Archive for the ‘Servers’ Category.

USB floppy drives during Windows Server 2003 R2 setup

So you’ve bought a new rack server, like the IBM System x3250. But your Boss or your customer was to cheap to buy an RSA II card. And now you need to install Windows Server 2003.

This is usually the part where the fun begins. Newer servers do not have a floppy drive, but the only way to load drivers into Windows Server 2003, besides RIS or remastering CDs are floppy drives.
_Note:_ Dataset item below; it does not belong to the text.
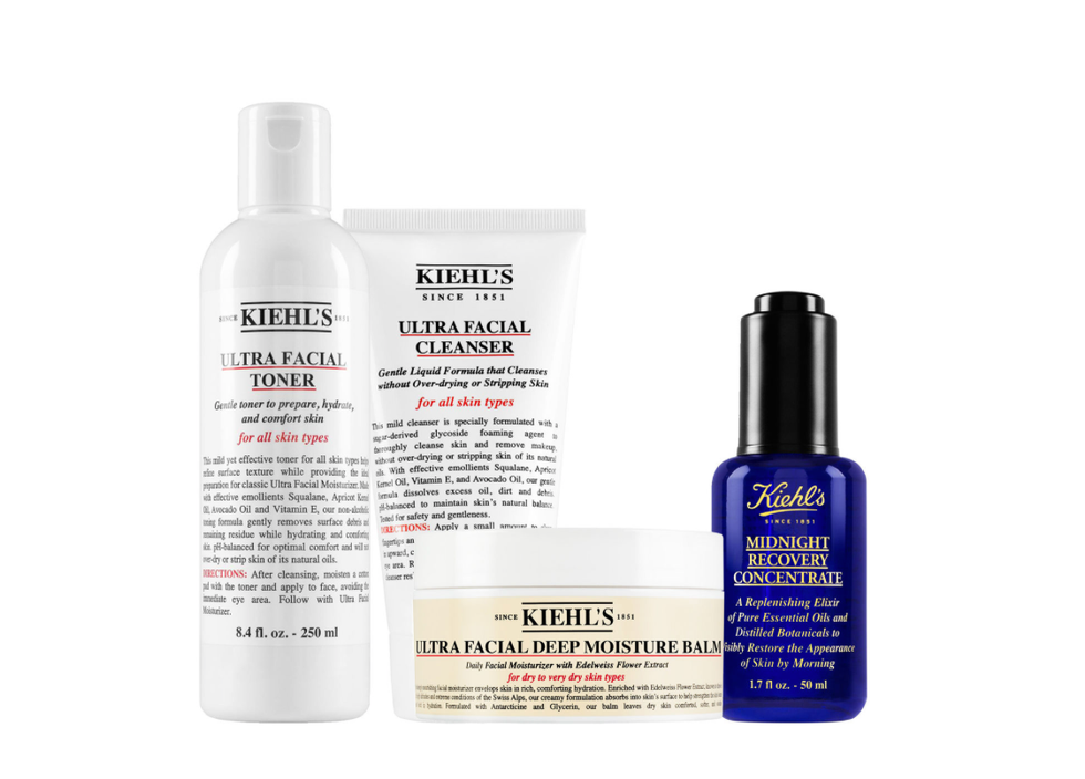 Although Kiehl's is much more expensive, the results are outstanding. They offer a Ultra Hydrating Routine products for dry skin that include a facial toner, facial cleanser, deep moisture balm, and lastly, a "midnight recovery concentrate."

Getting an USB floppy drive is no big deal, you connect it to the machine, it boots, you press F6, select the storage adapter driver, format your hard disks, and then setup asks for the floppy again and again. Bummer.

The problem is that the first part of setup (loading the Mass Storage driver) is not handled by Windows, but instead by the BIOS’s floppy emulation. But the latter part, after formatting the hard drive is handled by Windows. And some of them are not recognized by the builtin USB storage drivers.
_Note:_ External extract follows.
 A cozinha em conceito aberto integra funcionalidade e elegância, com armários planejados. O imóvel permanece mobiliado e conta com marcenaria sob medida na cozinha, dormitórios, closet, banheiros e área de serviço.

In my case, i had an iomega USB floppy with a built in card reader (don’t ask). I used device manager to find out the vendor and product id of this USB floppy.

I opened the txtsetup.oem supplied with my mass storage driver, and modified the section that my mass storage driver had.

I added the following line, directly to after the SCSI adapter itself:
id = "USB\VID_08BD&PID_1100", "usbstor"

I had no idea if this would work at all, but it did.

For your reference, i’ve included my txtsetup.oem, which works with iomega usb floppy dirves.

SERR/PERR errors on IBM’s System x3650

After updating all the new firmware on a newly delivered IBM System x3650, i installed the operating system Windows Server 2003 R2. The machine worked fine, but crashed mysteriously after about 3 hours into operation, logging a RAID failure into the RSA.

When looking further through the RSA error logs, i’ve found this error occuring multiple times:

Unknown SERR/PERR detected on PCI bus Chassis#=NA Slot#=0 Bus#=0 Dev.ID=0x25e3 Vend.ID=0x8086 Status=0x0 DevFun#=0xff

I’ve called IBM support, and they told me that i should power cycle the machine after a firmware update. I did that and then continued to setup the machine. It’s been working flawlessly under heavy load for the past 3 months.

I’m going to remark this for the feature – after a firmware upgrade on a server, do a power cycle.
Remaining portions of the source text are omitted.